This is a description of how one application, a calendar service, could be modified to use FNS policies. This example illustrates how FNS composite names might be presented to and accepted from users.
The DeskSet's calendar service is typical of client-server applications. Calendar servers run on some set of machines and maintain the users' calendars. Calendar Manager (cm) runs on the desktop and contacts the appropriate server to obtain the calendars of interest.
The calendar service could benefit from FNS using a simple registry/lookup model as follows:
Binding – Upon startup, the server registers the calendars that it manages by binding a reference containing its own ONC+ RPC address (host, program, version) to the composite name for each calendar it manages, such as user/jsmith/service/calendar.
Lookup – When using cm, the user specifies another user's calendar simply by entering the user's name (for example, hirokani) or selecting it from a list of names previously entered. Given the user name hirokani, cm composes the composite name user/hirokani/service/calendar and uses this to look up the RPC address that it needs to communicate with the server that manages that calendar.

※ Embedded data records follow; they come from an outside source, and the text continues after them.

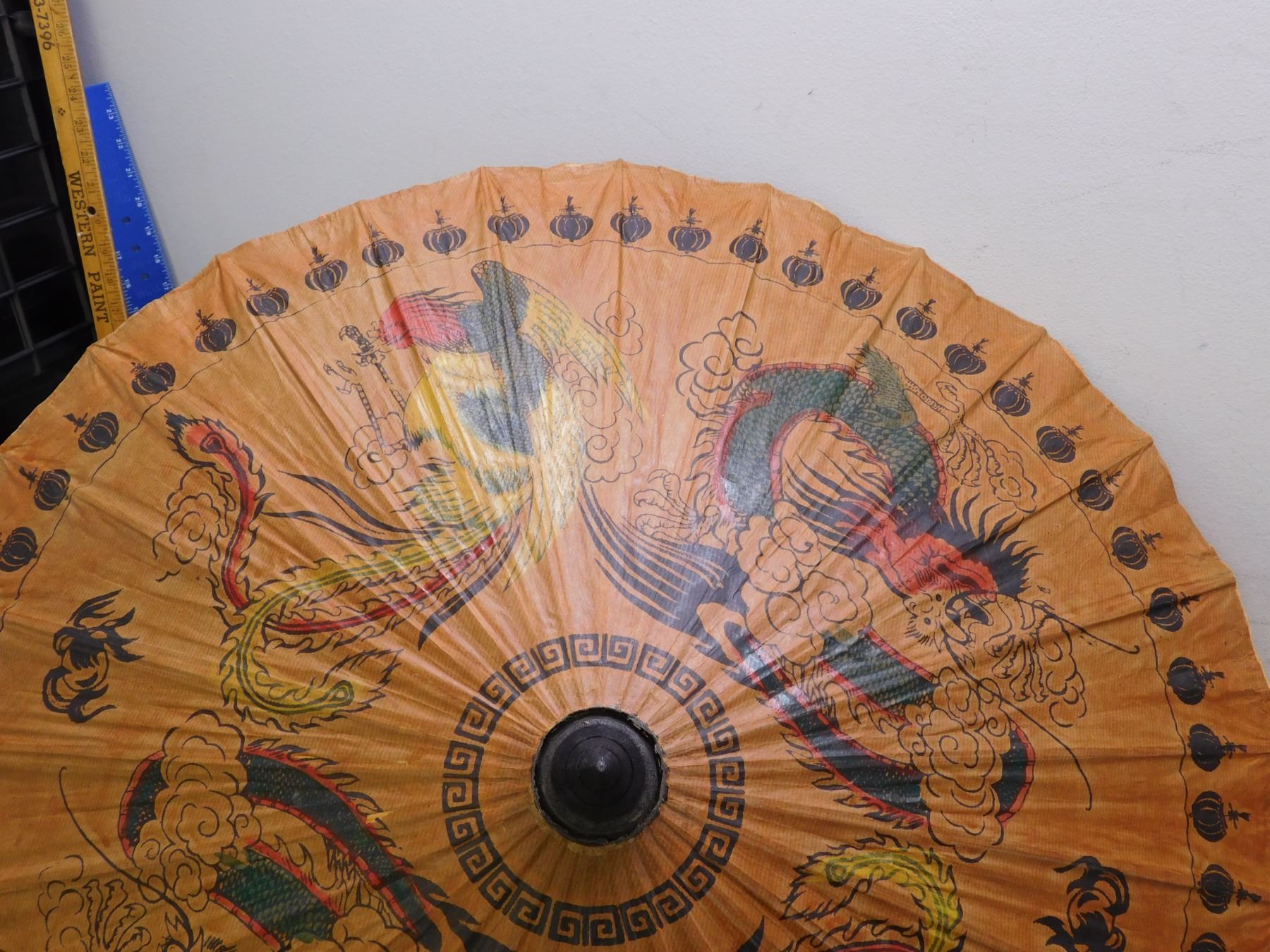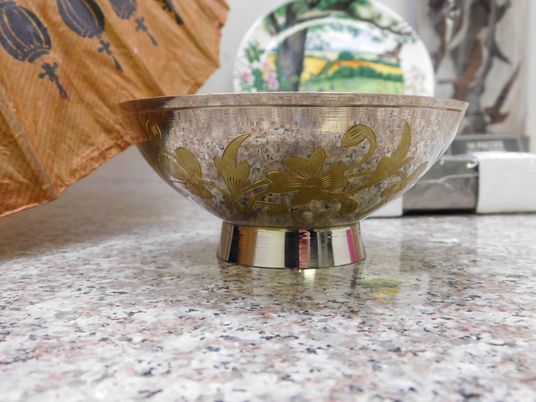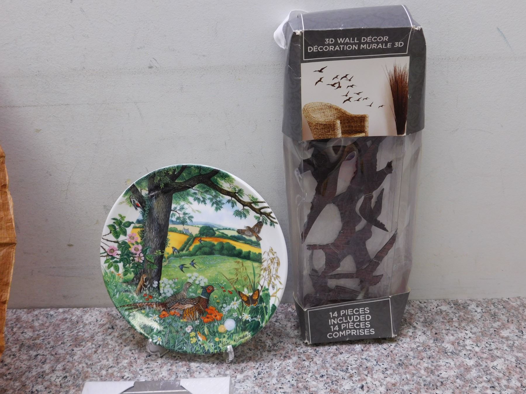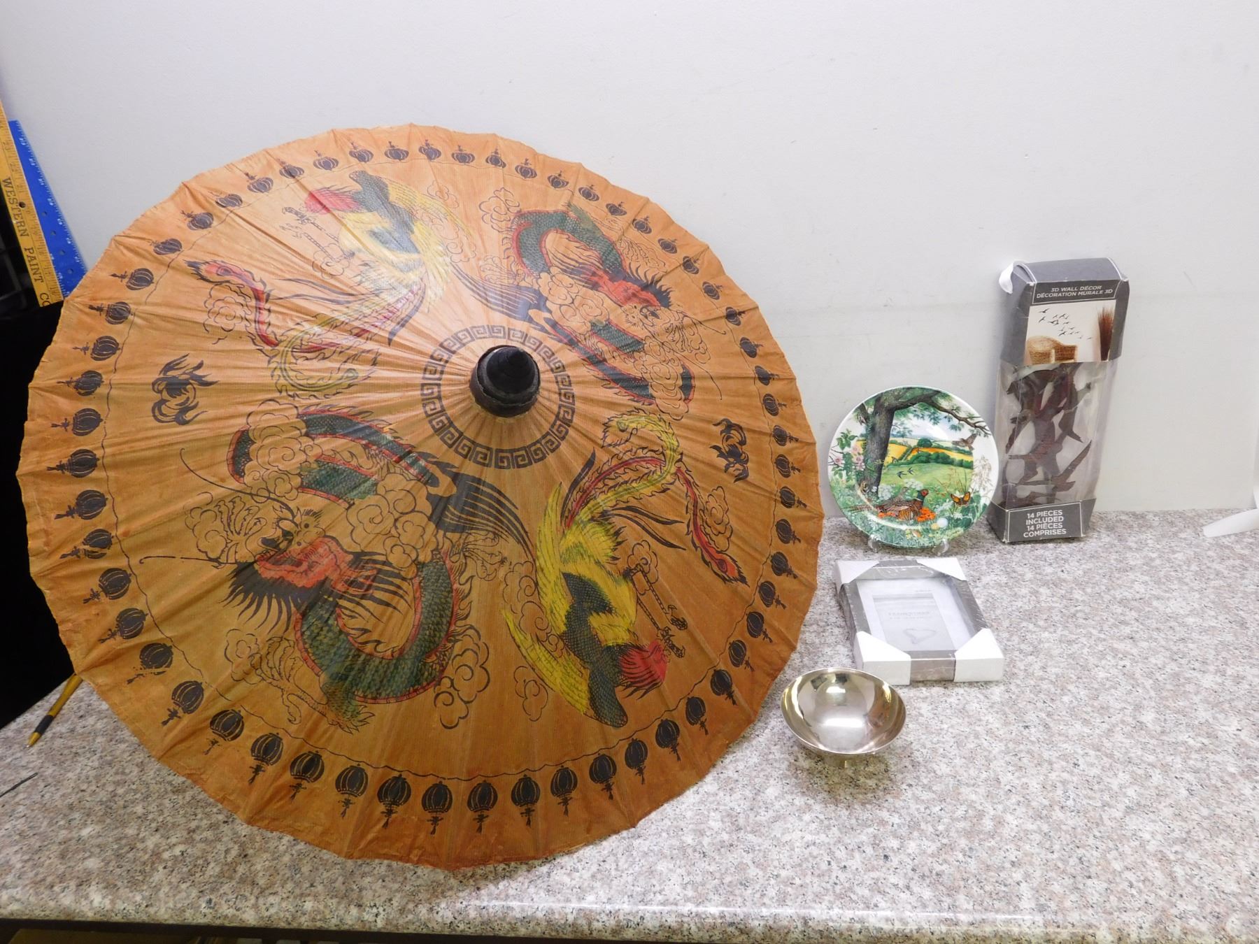 Lot of 5 Asian Paper Fan, Collectibe Plate, Wooden Bird Wall Decor, Frame, Bowl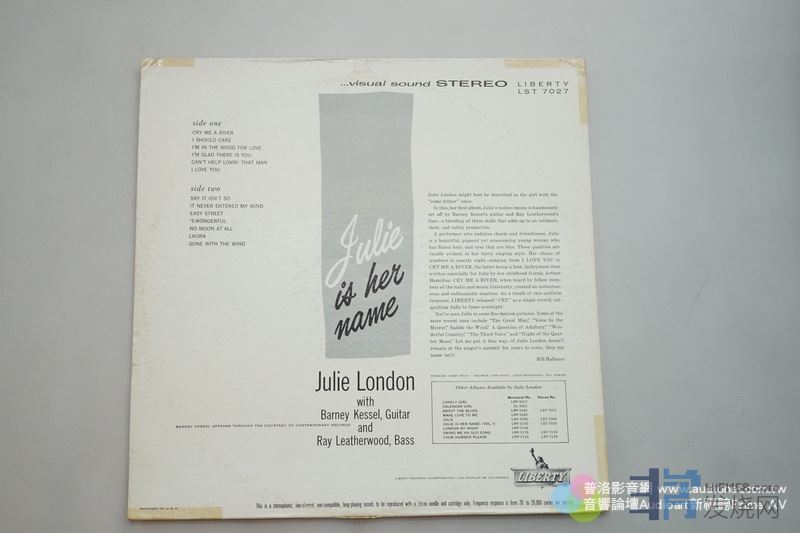 再来我请吴辉⾈找出Julie London第⼀张专辑,那是1955年的单声道录⾳,没想到吴辉⾈有立体版,当然⾺上拿出来比较。单声道版⽤那套单声道唱头来唱,立体版⽤Linn唱头,前⾯说过,唱立体声这套光是唱头的价格就抵得过单声道那套全部,可是,我必须说,单声道版的声⾳竟然比立体声版还好。好在哪里?⾳质好,定位好。我相信没有听过录⾳优异单声道唱片的⼈⼀定不相信,但事实真的如此。单声道唱头、录⾳没有左右声道串⾳的问题,没有其他失真问题,⾳质真的比较好,定位也更清晰。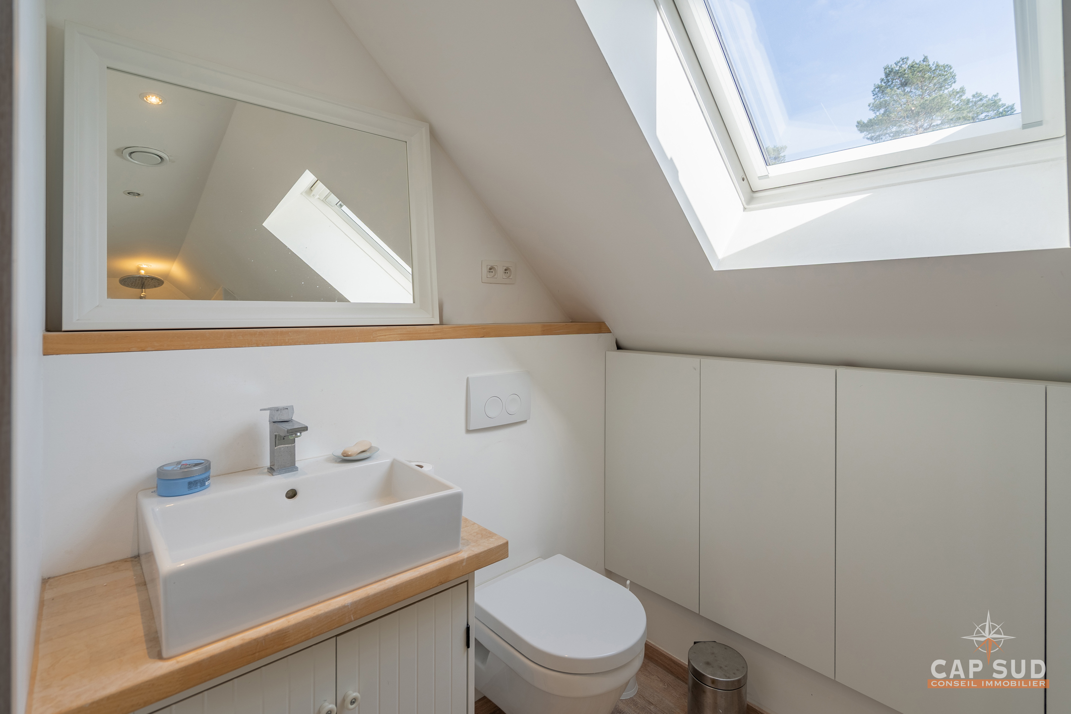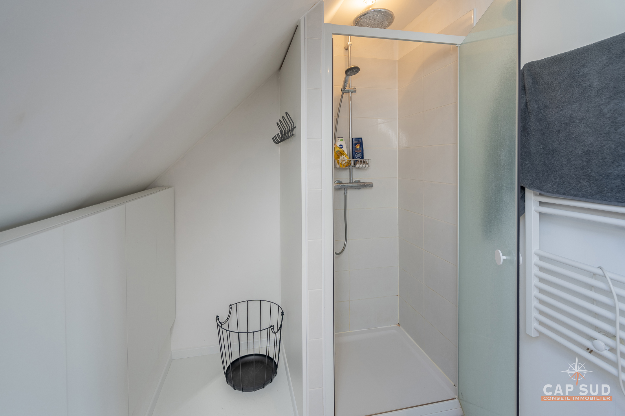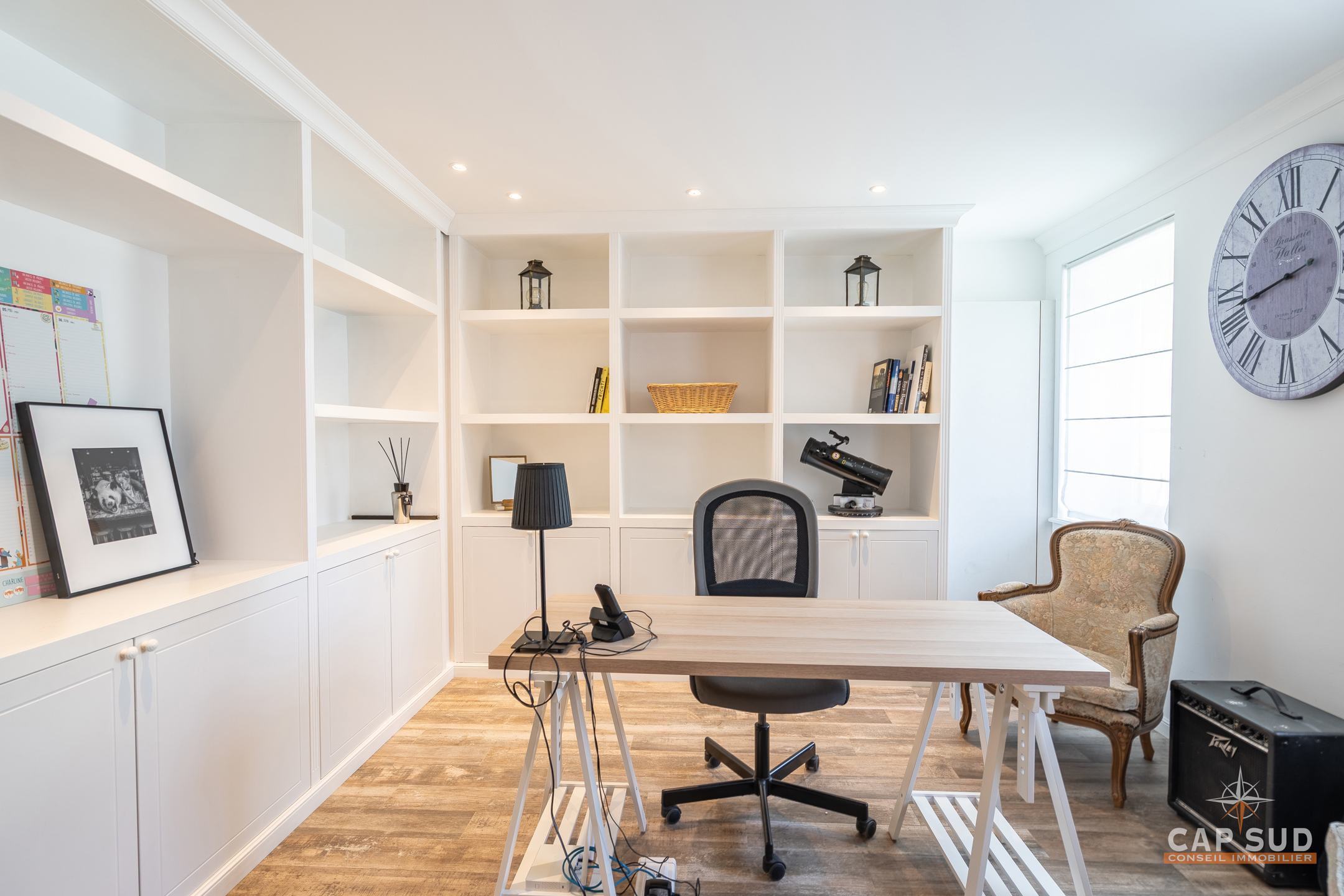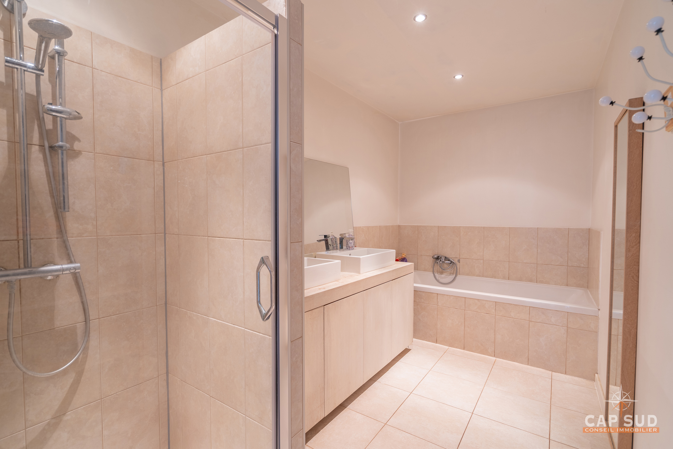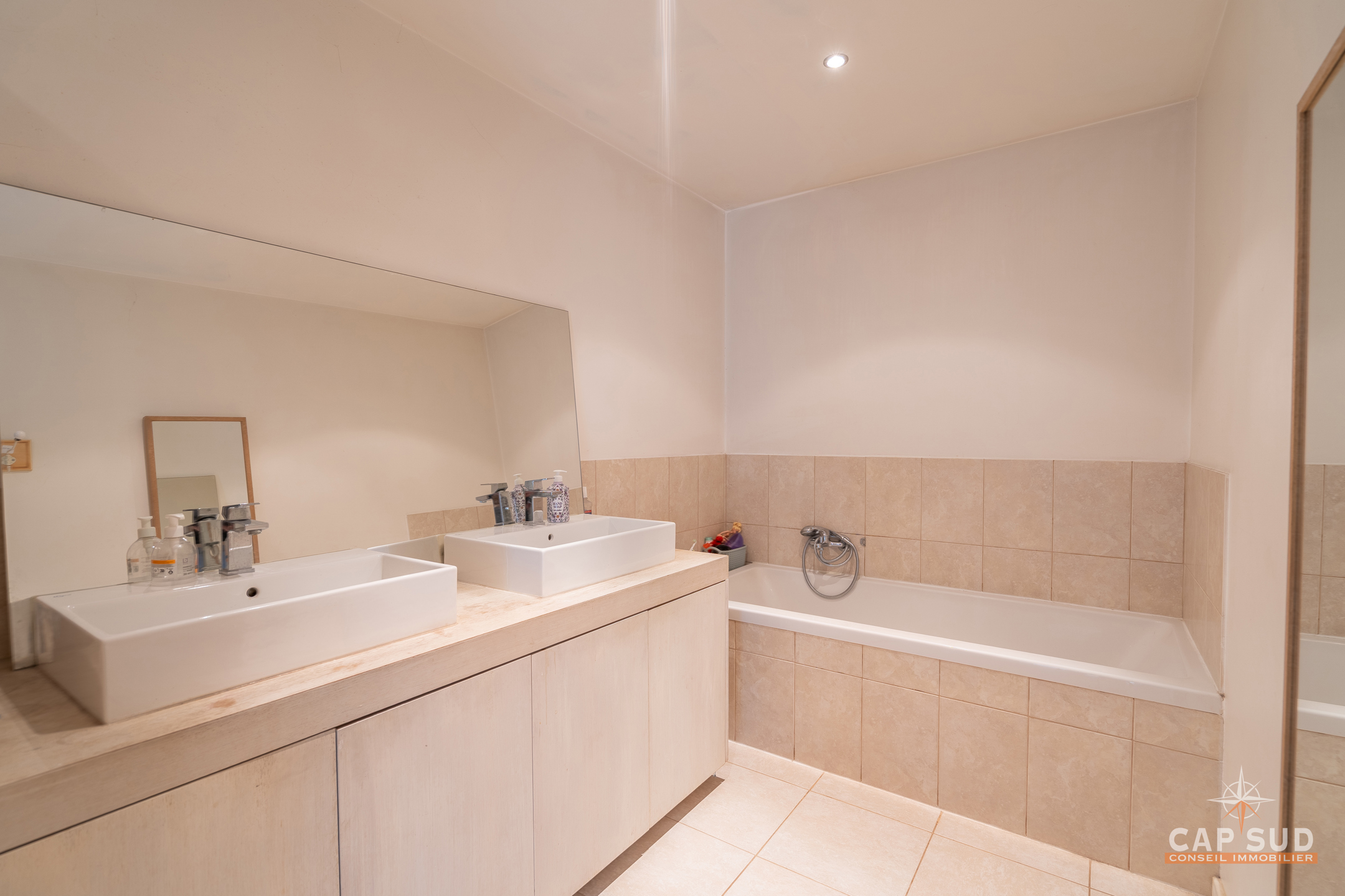 Le rez-de-chaussée propose également un bureau ou chambre de 15 m², une salle de bains complète (douche, baignoire, double lavabo), une buanderie/local technique ainsi qu’un garage avec porte automatique.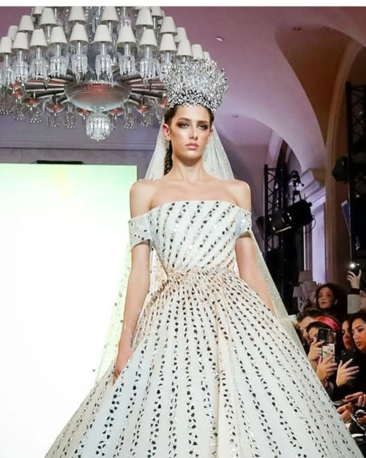 تطريزات الكريستال تمنح الصبيّة اطلالة غير تقليدية، بخاصة مع حفلات الزفاف بالقاعات المغلقة مع الإضاءة الملونة، وكذلك جلسات التصوير في ضوء الشمس، كالفستان المنفوش مع تطريزات أحجار الكريستال العاكسة، بتصميم الأوف شولدر، والتاج الفخم.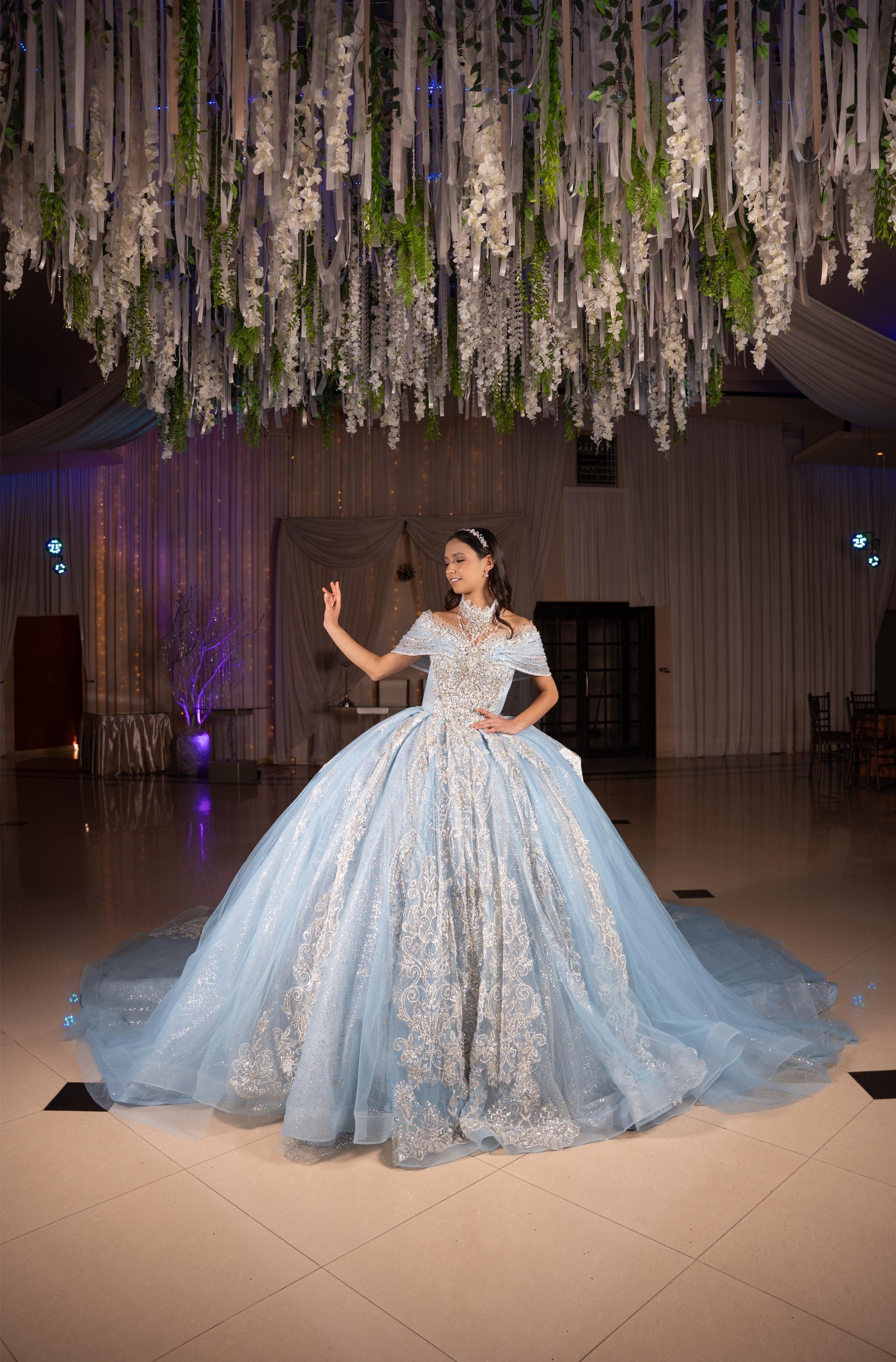 Vestido de XV Años Azul Cielo con Glitter Plateado Cauda con Olan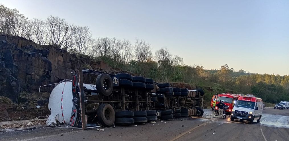 A Polícia Militar e PRF prestaram apoio na ocorrência. Houve vazamento de combustível e de soro de leite, sendo necessário o uso de serragem para limpeza da pista.

In the previous example, we used the name “calendar” to denote a calendar binding. The developers of the calendar service should register the name “calendar” with the FNS administrator, much as RPC programs are registered with the RPC administrator. Refer to Service Name and Reference Registration.
The name “calendar” used here is an example. FNS policy does not specify the names of specific services.
The calendar service could take further advantage of FNS policy by allowing calendars to be associated with sites, organizations, and hosts, while still naming them in a uniform way. For example, by allowing calendars to be associated with a conference room (a site), the service can be used to “multibrowse” the conference room's calendar as well as a set of user calendars to find an available time for a meeting in that room. Similarly, calendars can be associated with organizations for group meetings and hosts for keeping maintenance schedules.
The cm calendar manager could simplify what the user needs to specify by following some simple steps.
cm uses a tool for accepting composite names from the user and constructing the name of the object whose calendar is of interest.
The object is the name of a user, a site, a host, or an organization. For example, the user might enter the name kuanda and the calendar manager generates the composite name user/kuanda. This tool could be shared among a group of DeskSet applications.
cm uses the XFN interface to compose this name with the suffix /service/calendar to obtain the name of the calendar.
This calendar name is then resolved relative to the process's initial context.
Continuing with the example, this results in the resolution of the name user/kuanda/service/calendar. Similarly, if the user enters the name of a site, pine.bldg-5, cm generates the name site/pine.bldg-5/service/calendar for resolution.
Other services such as printing and mail could take advantage of the FNS policies in a similar way.